Joseph Martin Waters premieres rock opera in New York featuring SDSU students and alumni
SDSU talent shines in Waters’ psychedelic reimagining of Siddhartha at NYC premiere

San Diego State University professor Joseph Martin Waters brought his latest work, El Sidd & The Healers, to life in a May 31 premiere at The Cutting Room in Midtown Manhattan.
Of the 20-member ensemble of cast and musicians, 13 were current students or alumni of SDSU, where Waters — a composer, librettist, and producer — teaches composition in the School of Music and Dance.
El Sidd & The Healers reimagines Herman Hesse’s Siddhartha through the lens of 1969’s countercultural explosion. It follows a teenager’s journey from the Midwest to California in search of enlightenment, only to confront the seductive and sometimes harrowing underside of the era’s social revolution. The production blends rock, opera, and psychedelic storytelling.
The inspiration for the work, Waters said, draws deeply from his personal history.
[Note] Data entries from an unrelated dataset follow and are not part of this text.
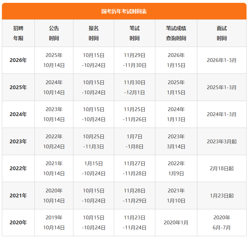 国考时间安排已形成固定规律,近五年公告都在10月14日发布,以下是近几年国考的时间安排,大家可作参考:
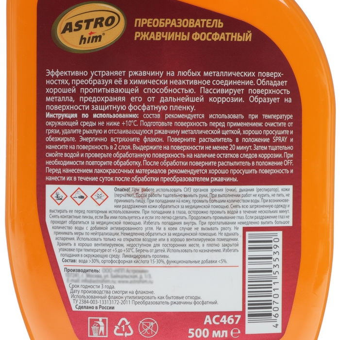 Преобразователь ржавчины Astrohim фосфатный, 500 мл, спрей, АС - 467
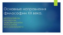 Основные направления философии XX века НЕОПОЗИТИВИЗМ ПРАГМАТИЗМ ЭКЗИСТЕНЦИАЛИЗМ
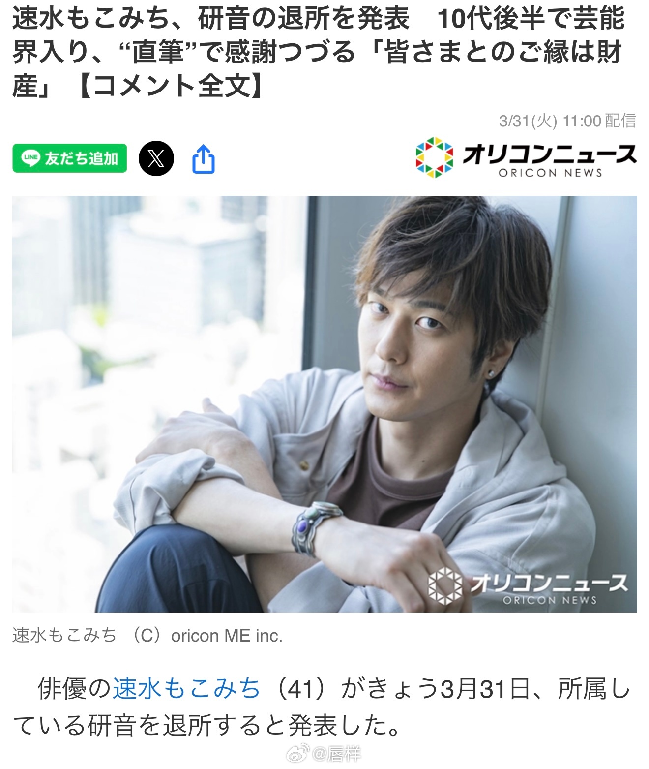 演员速水重道(41)于今日3月31日宣布,正式离开所属事务所研音。

“Lured by colorful descriptions of psychedelic visions, I was one of tens of thousands of teenagers in the late 1960s who ran away to California from a safe middle-class home, in a nationwide culture quest,” Waters said.
“Remembering that chapter in my life, I realized that the vision quest is universal, and I recalled the journey of Siddhartha. This story is my reimagining of that journey, set in a time of extreme cultural change, when experimentation and longing was at a zenith for that generation, outcomes varied, and sometimes harrowing with results unpredictable.”
The well-attended premiere was the culmination of more than a year of work by Waters, who began the libretto during a sabbatical year, completing musical sketches by late summer and orchestrating 27 individual pieces throughout the academic year.
“As composer, lyricist and librettist, as well as sound designer and producer, it took me every spare second of last year,” he said. “I had all of the music sketched out, and then spent the school year orchestrating the 27 musical pieces.”
Rehearsals intensified with cast members working remotely in the months prior. Waters’ San Diego living room doubled as a rehearsal space during the lead-up, and the full team relocated to Hunter College in New York City for final rehearsals.
“It was a trip. Next stop: Broadway,” Waters said following the premiere.
The production was directed by Desha Crownover with music direction by Richard Dunez Morrison. The ensemble included Geoffrey Burleson, piano; Charles Coleman (Das Krooner), baritone; Daniel Castro, guitar & mandolin; Karen Garcia, voice; Jack Gemmell, voice; Philip Gomez, voice; Sergio Bocanegra Gómez, keyboard; Matthew Javier, voice; Michael Jones, mandolin and Guitar; Peter Ko, cello; Andrew Michel, electric bass; David Ramirez, flute; Ed Spillane, saxophone; David Sullivan, drums; Joseph Martin Waters, composer; Julia Waters, voice.